### Your assignment:
Examine the records and identify each line that includes the string "File". Copy those lines.

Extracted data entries
□ □ □ □ □ □ □

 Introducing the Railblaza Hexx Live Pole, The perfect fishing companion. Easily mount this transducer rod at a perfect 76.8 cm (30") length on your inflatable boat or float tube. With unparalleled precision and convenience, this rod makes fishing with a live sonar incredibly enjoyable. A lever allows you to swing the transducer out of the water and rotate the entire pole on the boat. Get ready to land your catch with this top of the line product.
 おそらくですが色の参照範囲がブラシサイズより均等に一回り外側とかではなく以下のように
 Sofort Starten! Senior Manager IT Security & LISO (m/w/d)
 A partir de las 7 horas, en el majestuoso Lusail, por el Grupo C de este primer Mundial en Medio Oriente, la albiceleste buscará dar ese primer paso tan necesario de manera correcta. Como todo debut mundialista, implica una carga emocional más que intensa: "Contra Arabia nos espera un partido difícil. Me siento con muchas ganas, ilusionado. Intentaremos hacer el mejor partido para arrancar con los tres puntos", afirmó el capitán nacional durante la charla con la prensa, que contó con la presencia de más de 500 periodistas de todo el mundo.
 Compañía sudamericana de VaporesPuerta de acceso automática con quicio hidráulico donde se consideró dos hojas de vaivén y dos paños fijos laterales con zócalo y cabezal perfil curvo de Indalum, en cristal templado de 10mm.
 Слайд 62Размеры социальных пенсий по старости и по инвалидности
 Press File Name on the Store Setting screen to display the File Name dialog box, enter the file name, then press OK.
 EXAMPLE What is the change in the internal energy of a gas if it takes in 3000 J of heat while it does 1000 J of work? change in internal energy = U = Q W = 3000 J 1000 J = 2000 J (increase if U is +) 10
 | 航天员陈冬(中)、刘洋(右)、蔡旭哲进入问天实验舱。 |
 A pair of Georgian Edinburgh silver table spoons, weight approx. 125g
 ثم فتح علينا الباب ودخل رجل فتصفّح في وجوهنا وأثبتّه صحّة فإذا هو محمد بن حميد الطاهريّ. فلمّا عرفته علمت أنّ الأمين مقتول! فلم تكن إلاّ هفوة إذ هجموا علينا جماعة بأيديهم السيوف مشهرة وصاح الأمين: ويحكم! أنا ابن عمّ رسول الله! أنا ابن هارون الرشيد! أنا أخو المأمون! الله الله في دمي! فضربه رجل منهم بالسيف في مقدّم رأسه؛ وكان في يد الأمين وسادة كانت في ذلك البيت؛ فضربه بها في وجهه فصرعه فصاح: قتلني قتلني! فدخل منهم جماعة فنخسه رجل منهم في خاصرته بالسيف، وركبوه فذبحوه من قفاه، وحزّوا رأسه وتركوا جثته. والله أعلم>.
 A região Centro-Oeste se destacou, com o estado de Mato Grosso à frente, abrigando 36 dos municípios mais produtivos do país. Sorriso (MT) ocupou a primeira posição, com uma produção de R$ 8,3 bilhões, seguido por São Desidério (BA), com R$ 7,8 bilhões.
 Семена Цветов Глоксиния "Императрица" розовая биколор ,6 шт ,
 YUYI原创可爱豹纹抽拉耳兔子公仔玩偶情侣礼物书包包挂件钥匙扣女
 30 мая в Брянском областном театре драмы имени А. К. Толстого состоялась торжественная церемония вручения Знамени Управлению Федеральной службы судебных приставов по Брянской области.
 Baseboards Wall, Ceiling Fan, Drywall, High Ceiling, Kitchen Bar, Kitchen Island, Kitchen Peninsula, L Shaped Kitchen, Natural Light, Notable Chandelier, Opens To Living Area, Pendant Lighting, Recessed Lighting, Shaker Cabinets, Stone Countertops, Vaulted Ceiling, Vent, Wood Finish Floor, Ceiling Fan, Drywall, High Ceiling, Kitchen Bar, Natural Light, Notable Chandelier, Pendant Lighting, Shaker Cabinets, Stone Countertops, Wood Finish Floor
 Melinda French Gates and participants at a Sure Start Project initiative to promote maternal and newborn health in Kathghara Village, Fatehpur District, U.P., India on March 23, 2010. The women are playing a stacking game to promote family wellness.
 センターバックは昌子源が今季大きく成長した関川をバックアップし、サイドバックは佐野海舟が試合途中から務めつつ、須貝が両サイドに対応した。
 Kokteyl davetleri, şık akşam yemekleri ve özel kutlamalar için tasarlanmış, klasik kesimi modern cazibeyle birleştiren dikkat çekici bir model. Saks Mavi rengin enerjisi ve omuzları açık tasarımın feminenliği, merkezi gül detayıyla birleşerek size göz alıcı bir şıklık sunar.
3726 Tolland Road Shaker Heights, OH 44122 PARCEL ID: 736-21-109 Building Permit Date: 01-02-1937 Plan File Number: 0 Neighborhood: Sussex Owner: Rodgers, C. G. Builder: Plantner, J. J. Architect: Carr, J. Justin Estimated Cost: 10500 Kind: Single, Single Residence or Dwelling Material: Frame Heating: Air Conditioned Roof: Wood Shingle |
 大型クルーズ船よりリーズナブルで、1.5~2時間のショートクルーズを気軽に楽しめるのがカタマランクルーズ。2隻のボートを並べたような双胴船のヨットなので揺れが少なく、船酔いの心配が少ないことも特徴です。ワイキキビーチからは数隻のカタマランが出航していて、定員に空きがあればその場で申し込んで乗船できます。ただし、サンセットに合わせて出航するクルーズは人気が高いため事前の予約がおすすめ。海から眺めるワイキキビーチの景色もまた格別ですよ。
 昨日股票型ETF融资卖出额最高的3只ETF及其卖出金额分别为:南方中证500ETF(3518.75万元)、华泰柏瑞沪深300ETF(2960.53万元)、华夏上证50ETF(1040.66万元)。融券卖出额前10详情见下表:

□ □ □ □ □ □ □

### Result:
 Press File Name on the Store Setting screen to display the File Name dialog box, enter the file name, then press OK.
3726 Tolland Road Shaker Heights, OH 44122 PARCEL ID: 736-21-109 Building Permit Date: 01-02-1937 Plan File Number: 0 Neighborhood: Sussex Owner: Rodgers, C. G. Builder: Plantner, J. J. Architect: Carr, J. Justin Estimated Cost: 10500 Kind: Single, Single Residence or Dwelling Material: Frame Heating: Air Conditioned Roof: Wood Shingle |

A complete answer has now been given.